MATERIAL PROVIDED:
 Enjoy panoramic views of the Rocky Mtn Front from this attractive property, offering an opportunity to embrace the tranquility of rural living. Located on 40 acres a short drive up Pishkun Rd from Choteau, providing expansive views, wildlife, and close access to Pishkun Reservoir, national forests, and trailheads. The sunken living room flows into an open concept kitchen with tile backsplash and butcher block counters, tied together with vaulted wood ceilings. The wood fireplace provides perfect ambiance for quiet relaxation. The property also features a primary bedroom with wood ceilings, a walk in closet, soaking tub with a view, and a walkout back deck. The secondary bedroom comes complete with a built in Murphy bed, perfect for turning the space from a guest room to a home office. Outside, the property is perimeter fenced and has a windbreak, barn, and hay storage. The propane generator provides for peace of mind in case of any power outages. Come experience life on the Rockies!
--
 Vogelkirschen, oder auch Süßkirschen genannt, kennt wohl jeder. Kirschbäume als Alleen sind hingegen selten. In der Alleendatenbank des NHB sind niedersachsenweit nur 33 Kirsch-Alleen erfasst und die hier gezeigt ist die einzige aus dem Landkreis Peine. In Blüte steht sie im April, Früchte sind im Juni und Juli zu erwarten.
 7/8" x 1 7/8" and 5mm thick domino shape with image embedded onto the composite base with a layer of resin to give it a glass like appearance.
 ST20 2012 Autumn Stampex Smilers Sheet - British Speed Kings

WHAT YOU NEED TO DO: Whenever a line in the records contains the word "with", copy that line.

RESPONSE TO THE TASK:
 Enjoy panoramic views of the Rocky Mtn Front from this attractive property, offering an opportunity to embrace the tranquility of rural living. Located on 40 acres a short drive up Pishkun Rd from Choteau, providing expansive views, wildlife, and close access to Pishkun Reservoir, national forests, and trailheads. The sunken living room flows into an open concept kitchen with tile backsplash and butcher block counters, tied together with vaulted wood ceilings. The wood fireplace provides perfect ambiance for quiet relaxation. The property also features a primary bedroom with wood ceilings, a walk in closet, soaking tub with a view, and a walkout back deck. The secondary bedroom comes complete with a built in Murphy bed, perfect for turning the space from a guest room to a home office. Outside, the property is perimeter fenced and has a windbreak, barn, and hay storage. The propane generator provides for peace of mind in case of any power outages. Come experience life on the Rockies!
 7/8" x 1 7/8" and 5mm thick domino shape with image embedded onto the composite base with a layer of resin to give it a glass like appearance.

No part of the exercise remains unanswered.